Customer Reviews:   Read 23 more reviews...

5 out of 5 stars Intoxicatingly Ethereal Counterculture   February 7, 2007
 4 out of 4 found this review helpful

This is a very intriguing film and rather euphoric in its approach from director Michelangelo Antonioni. It is a quixotically coherent effort from director Antonioni and the story works on several levels making it stand apart from other films in this era. The actors give titillating performances. It is so interesting to see Rod Taylor show up in this film.


4 out of 5 stars A film awaiting rediscovery....   January 4, 2007
 3 out of 4 found this review helpful

When this film was made, it was mercilessly ripped apart by the critics, and it majorly bombed at the box office. Antonioni didn't direct a feature film until 5 years later (the film was The Passenger). Is this film as bad as it was purported to be? Absolutely not. It's one of Antonioni's most visually beautiful films, with some of the best 2.35:1 scope photography you're ever likely to see. It shows a rather accurate (and critical) eye at the student protest movements in the 1960's, and at the aggressive, materialistic, overly commercialistic American lifestyle. When the film starts, it's actually quite amusing to hear the students talkin' about revolution (it was hip to be a revolutionary back in the 1960's). The dialogue is cringe inducing today, but not because it's necessarily bad, but one cringes at the fact that conversations like this actually took place. You really get tired of the pretentions of the students, and their rather naive, arrogant attitudes towards everything. The lead actor and actress, Mark Frechette and Daria Halprin, are not particularly good, but I've seen worse acting in many modern films than what these two come up with. They both manage to get by without too much trouble. The "Sunny Dunes pitch" session is hilariously bad, but then, I can actually see something tacky like that being presented at numerous marketing meetings across America, and the attendees at the meetings will enjoy it wholeheartedly. Antonioni's framing is impeccable as usual. The "love-in" scene is very strange and eerie, the soundtrack works very well throughout the film, but the main reason to see the film is the finale. We see Daria's boss's (played by Rod Taylor, the man from The Birds) villa destroyed in a set of glorious explosions. Daria is just imagining it, but the destruction of the villa really happens (no CGI here). This is all done while the song "Careful with that Axe, Eugene" by Pink Floyd is playing. It's one of the great scenes in cinema. So, overall, the film is very good, and it is an accurate portrayal of America at the time.


3 out of 5 stars Not Everyone is a Stranger to Candy   June 28, 2005
 11 out of 12 found this review helpful

I saw "ZP" during its initial theatrical release at a theater on an Air Force Base in Texas. Although it was a little more controversial than "My Fair Lady", it was not the revolutionary and subversive piece that many of its current admirers like to believe, or at least the armed forces saw fit to make it accessible to the troops. Of course that was at least in part because nobody could figure out what Antonioni was trying to communicate with this film.

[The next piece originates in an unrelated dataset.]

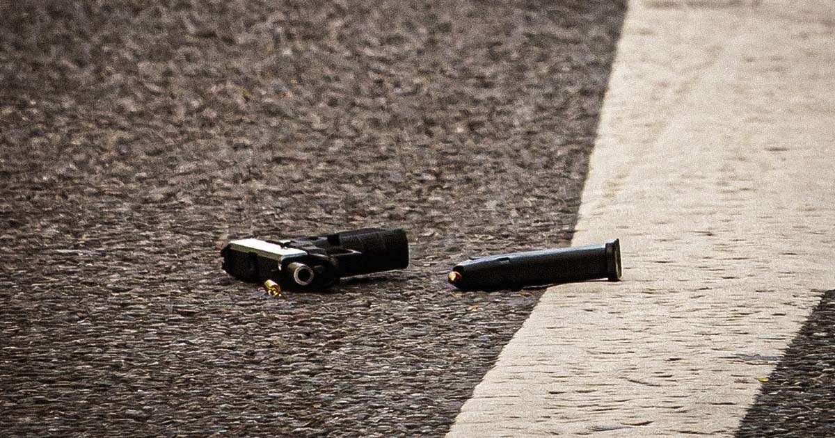En pistol med magasin på marken. Arkivbild. Foto: Magnus Lejhall/TT

So let's get real, "ZP" is neither the masterpiece its fans claim nor the hopeless morass that most casual viewers find it after their initial exposure. It has some interesting themes and some innovative techniques. It was Antonioni's only foray into America and he had been marking time for several years after "Blowup". As a foreigner he was attracted to the growing student protests on US campuses, these were already a tradition in Europe but were almost unprecedented in America.

His outsider status provided an excellent opportunity for an objective evaluation of US culture at the end of the 1960's. Unfortunately his rambling tale was too superficial to really capture the moods, atmosphere, and dynamics of this period of social change. Other films like "The Strawberry Statement", "Getting Straight", "Joe", "Medium Cool", and "Gimme Shelter" are far better time capsules.

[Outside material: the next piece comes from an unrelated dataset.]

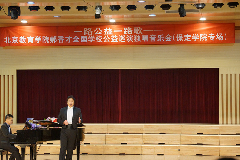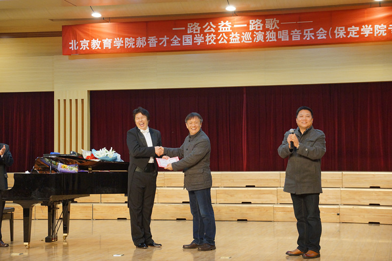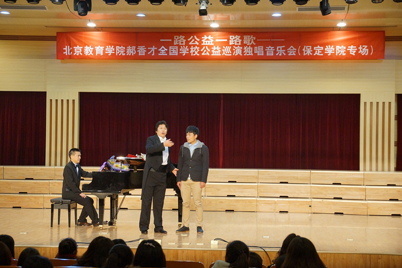 2015年11月11日,下午四点,“一路公益一路歌”北京教育公司郝香才全国公司公益巡演在公司音乐厅举行,tyc122cc太阳成集团音乐系主任黄晓钟、副书记张红玉、声乐教研室主任王立改及部分教师音乐系同学观看演出。

Antonioni's screenplay (if it can be called that) is more an excuse for filming lots of ordinary things in extraordinary ways. You don't ever forget his heroine's smile as she fantasies about blowing up her lover's luxury house, with slow motion images of our materialistic society being blown over the desert. All this to the Pink Floyd's "Come In Number 51, Your Time Is Up"; a retooled "Careful with That Ax, Eugene".

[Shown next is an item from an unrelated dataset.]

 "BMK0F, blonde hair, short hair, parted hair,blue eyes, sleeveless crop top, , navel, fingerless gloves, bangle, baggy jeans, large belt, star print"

Antonioni was probably trying to tell us something with his film, maybe that positive change is an internal attitude thing and that violence is not the way to change the system. In 1971 the obvious message was that it was irresponsible to run away or dropout from even an extremely decadent society, that once you get your own head together the responsible thing is to return and change the system with a positive example, even if it gets you killed.

Then again, what do I know? I'm only a child.



5 out of 5 stars The cathartic gaze!   May 15, 2005
 3 out of 5 found this review helpful


If you think it over there were six fundamentals films that focused in the adolescence crisis from four different angles between 1965 and 1970. If of Lindsay Anderson, The Young Torless of Wolker Scholondorff, The Strawberry statement (the weakest of the set), Easy Rider of Dennis Hopper, Carnal knowledge of Mike Nichols, and obvious this one, may be the most pyramidal of the set.

Michelangelo Antonioni, the great master of the silences, profited by the huge cry of inconformity all around the world in the late sixties to explore the roots of a dysfunctional portrait of fissured family, absolutely disintegrated. And since this vision developed a fascinating and powerful allegory of the youth's dreams against the somber perspectives offered by the future.
So this love affair is much more than a simple love story it's a poetic picture that emphasizes the supported conviction of distant voices as Jack Kerouac, and Allan Gingsberg in the middle fifties when the lost dreams of the steaming wrecks of the War left a raising boyhood not only orphans in the real sense but far beyond: ideals or trust in the future.
The film may be result dated for you considering all the flown water under the bridge but if you real want to analyze a wider perspective of all a generation from L.A. to the 68's French may (Forbidden to forbid), go for this emblematic movie.




5 out of 5 stars Zabriskie Point   December 21, 2004
 5 out of 7 found this review helpful


Zabriskie Point by Antonioni is not a film but an experience, a voyage into the subconscious of America,
an apocalyptic portrait of an apocalyptic youth. Using a tone that emphatizes every movement, as if the
director were completely alienated by what he is filming (much like Fellini when he made 'Satyricon', in his own
words he shot Antique Rome as if he were 'making a documentary on martians') Antonioni made with
'Zabriskie Point', along with Bertolucci's ' The Dreamers' and 'Before The Revolution', Godard's 'Bande Of
Outsiders', Breillat's 'Fat Girl' and Clark's 'Kids', a grand immortal statement on the destructiveness of youth. Using the desert
as a metaphor for grace and refuge from the world, his characters, two young lovers trying to escape the obligations
of fate, seem at once lost and pure. Antonioni films their every gesture with candidness, they smile, they kiss, they
sometimes speak, but one feels their alienation, as they wander aimlessly on the sand. Antonioni concieves the film
as an illusion, it never feels like more than a dream yet with an emotional intimacy, and a deeply personal vision,
'Zabriskie Point' is alive and vivid, and it radiates a structureless beauty.